Near him, standing by a bookcase, are his parents. His mother looks me up and down with obvious disdain, as if she can’t quite accept that her life, for now, is intertwined with the life of someone like me.
“I’ll leave you here,” says Catherine, looking around and probably as anxious to escape this room as I am. “We’ll be called in about twenty minutes.
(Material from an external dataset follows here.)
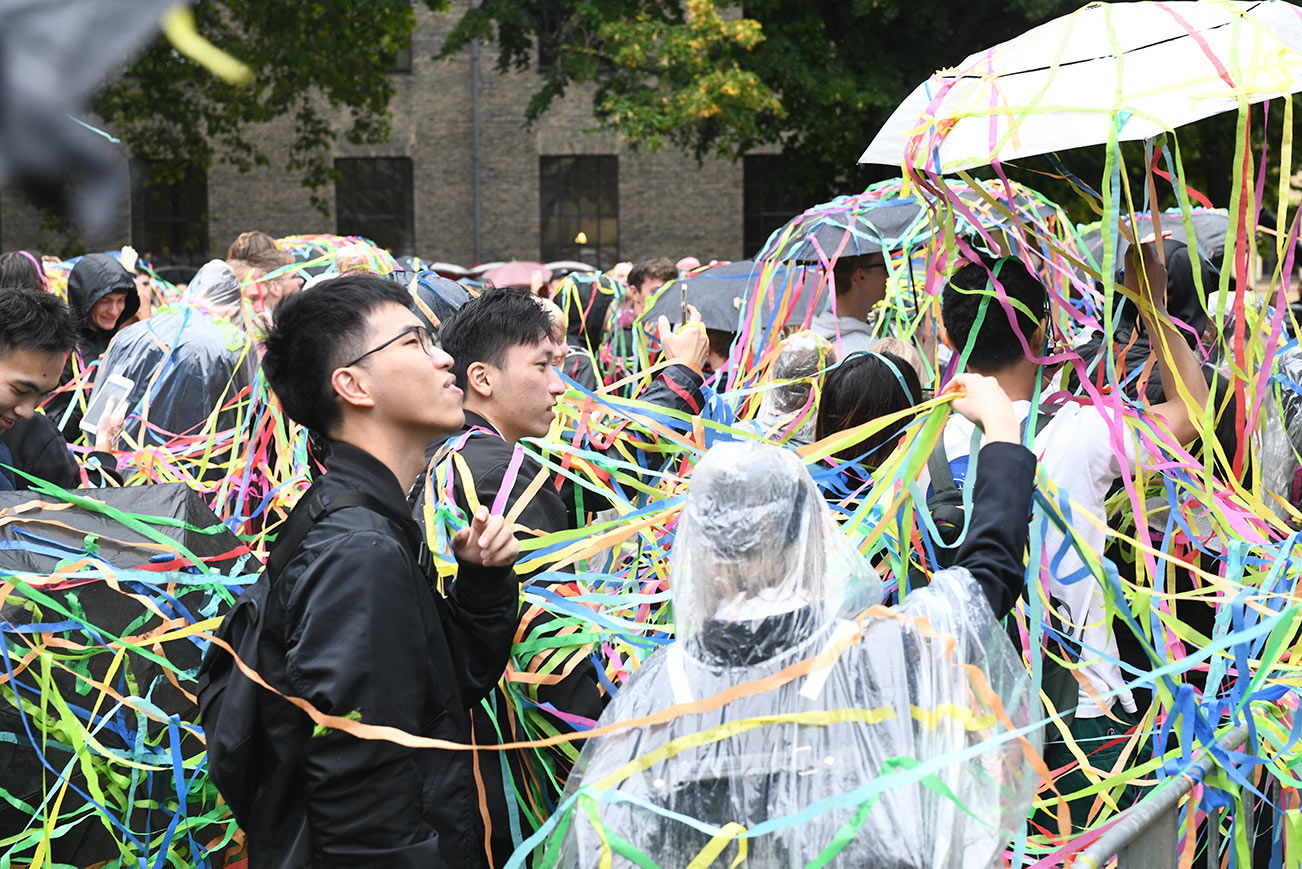 I samme sekund fyrer Lord Siva op for hittet Solhverv, mens et brag lyder og konfetti daler ned over de studerende sammen med regndråberne.

I’ll come back for you all then.”
She disappears, and now there’s just me, the Wolvertons, and my parents, who followed me upstairs.
We stare at each other awkwardly, four adults, two young men, none of us quite knowing what to say.
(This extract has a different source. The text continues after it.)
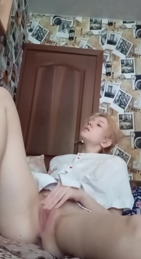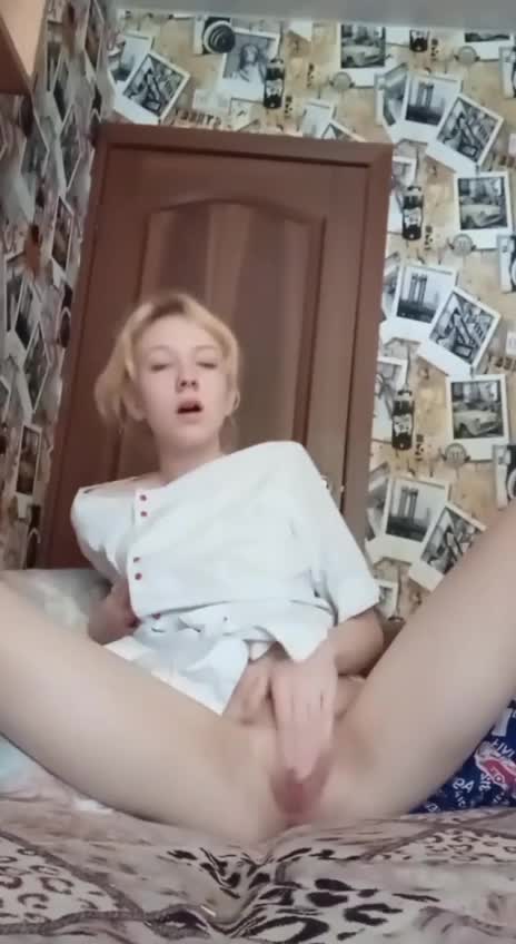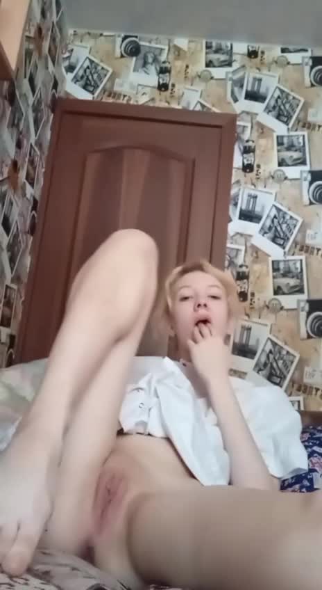 Очень красивая и молоденькая блондиночка показывает свою девичью грудку и маленькую киску

Finally, Lady Wolverton strides down the room as if she’s walking a runway, which, of course, she often did in her youth, before extending her hand to Mam.
“Grace Wolverton,” she says. “Robert’s mother.”
“Margaret Keogh,” says Mam, using her full name for once. Everyone on the island knows her as Maggie. “And this is my husband, Charles.”
“Charlie,” says Dad, eyeing Lord Wolverton warily as he approaches.
Robbie’s father is studying my parents in the way that wealthy, privileged English people often do whenever they’re confronted by Irish people with accents as thick as ours.
They assume that we’re barely literate and will be astonished by the fact that the room is illuminated by electric lightbulbs.
He introduces himself to my parents, extending a hand somewhat reluctantly.
“Well, this is a fine state of affairs, isn’t it?” he says, glancing toward his son, who’s leaning back in his chair, watching the drama play out. “Not a situation I ever thought I’d find myself in, I must admit.”
“Us either,” says Mam, then corrects herself. “Us neither, I mean. Is it either or neither?”
I’m embarrassed by her obsequiousness and worry that she might drop a curtsy before them.
The majesty of the building and the aura of affluence that surrounds the Wolvertons are simply too much for her, a woman who’s never known life outside the island since she was brought there as a young bride.
My father visibly wilts inside his cheap suit, the tie loosened at the neck and the top button undone, his chin being too fat to keep it closed.
“It’s such a nonsense,” continues Lord Wolverton.
“The CPS is obviously trying to scapegoat Robert and…” He glances in my direction; apparently, I’m not important enough even to have a name.
“Your son. If they weren’t who they are, I doubt it would have even got this far.
The girl at the center of all this seems a rather cheap person, don’t you agree?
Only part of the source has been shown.